• Iowa Senate Bill IA SF 366 will now reach the entire Senate Chamber for a full vote
  • Iowa House Bill IA HF 648 is a closely matching bill in the State House that is currently up for a floor vote.
  • Iowa Governor Kim Reynolds has previously expressed an openness to sports betting legislation.

DES MOINES, Iowa – Lawmakers have flirted with the idea of legal Iowa sports betting since the start of this year’s legislative session. Now, with Iowa Senate Bill IA SF 366 passing through the Ways and Means Committee last week, the bill has a real shot to become law.

If signed into law, the bill would effectively legalize sports betting in Iowa’s racetracks and riverboat casinos.

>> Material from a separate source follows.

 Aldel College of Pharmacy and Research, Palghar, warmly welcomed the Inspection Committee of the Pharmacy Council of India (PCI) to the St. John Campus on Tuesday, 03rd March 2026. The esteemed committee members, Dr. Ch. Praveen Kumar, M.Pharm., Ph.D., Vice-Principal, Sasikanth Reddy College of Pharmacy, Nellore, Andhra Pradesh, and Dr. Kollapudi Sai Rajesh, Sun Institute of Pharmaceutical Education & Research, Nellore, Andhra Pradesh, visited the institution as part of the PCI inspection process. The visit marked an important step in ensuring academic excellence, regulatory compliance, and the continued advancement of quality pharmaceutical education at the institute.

Those establishments would then need to be approved of a license by the Iowa Racing and Gaming Commission.

However, before the bill was voted to pass through the Senate Ways and Means Committee there were amendments added to help match Iowa House Bill HF 648.

Those amendments included a 6.75% state tax on gross gaming revenues, a prohibition on live betting for Iowa collegiate sports programs, and an extension of the 11% of revenue that the casino Prairie Meadows uses to fund its live horse racing business to sports gambling revenue.

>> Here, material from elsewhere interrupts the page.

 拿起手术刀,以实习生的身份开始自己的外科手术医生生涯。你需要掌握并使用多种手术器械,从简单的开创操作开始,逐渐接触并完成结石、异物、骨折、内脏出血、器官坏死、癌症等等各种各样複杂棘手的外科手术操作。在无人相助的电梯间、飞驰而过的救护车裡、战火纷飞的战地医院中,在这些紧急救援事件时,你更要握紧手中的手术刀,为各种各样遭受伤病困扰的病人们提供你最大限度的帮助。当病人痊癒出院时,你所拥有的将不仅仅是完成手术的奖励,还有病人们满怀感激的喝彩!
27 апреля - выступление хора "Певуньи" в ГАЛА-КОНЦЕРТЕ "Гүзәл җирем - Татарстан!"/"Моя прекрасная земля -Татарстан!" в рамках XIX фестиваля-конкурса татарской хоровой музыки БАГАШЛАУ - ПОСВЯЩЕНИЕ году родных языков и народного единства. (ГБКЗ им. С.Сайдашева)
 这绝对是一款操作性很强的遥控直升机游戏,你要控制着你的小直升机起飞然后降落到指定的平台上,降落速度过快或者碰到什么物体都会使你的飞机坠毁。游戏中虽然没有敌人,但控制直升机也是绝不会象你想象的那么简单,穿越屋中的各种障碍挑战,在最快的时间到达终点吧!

House Bill HF 648 is already eligible to go to the House floor for a full chamber vote and Senate bill SF 366 is now in the same position.

Regulated Iowa sports betting seems to have the support from Senate Majority Leader Jack Whitver, former wide receiver for the Iowa State Cyclones.

“Illegal sports betting is happening every single day in Iowa. The question is should we just ignore it and pretend it doesn’t happen?” said Whitver in an interview with the Iowa Press on Iowa Public Television. “Or should we regulate it so that if there are concerns and there is corruption happening we have a better chance to find that and make sure that it doesn’t happen.”

However, there are still a few differences in the bills that would need to be figured out before going to Iowa Governor Kim Reynolds desk.

Both bills allow for mobile wagering and require residents to register in-person, but the difference lies within how this additional revenue will be taxed and what to do with the funds.

An additional amendment made on the Senate bill would require that the casinos that have a legal sports betting license pay a 0.75% fee on sports wagering revenues to a qualified sponsoring organization located within their community for the purposes of providing charity work.

If both bills are passed by their respective chambers, then state lawmakers would have to work out those differences in time before the legislative session ends in May.

Governor Kim Reynolds indicated she was open to the idea and seems likely to sign sports betting into law.

“You know, I think it needs to be regulated,” said Reynolds. “It’s happening. It’s happening to a big extent.”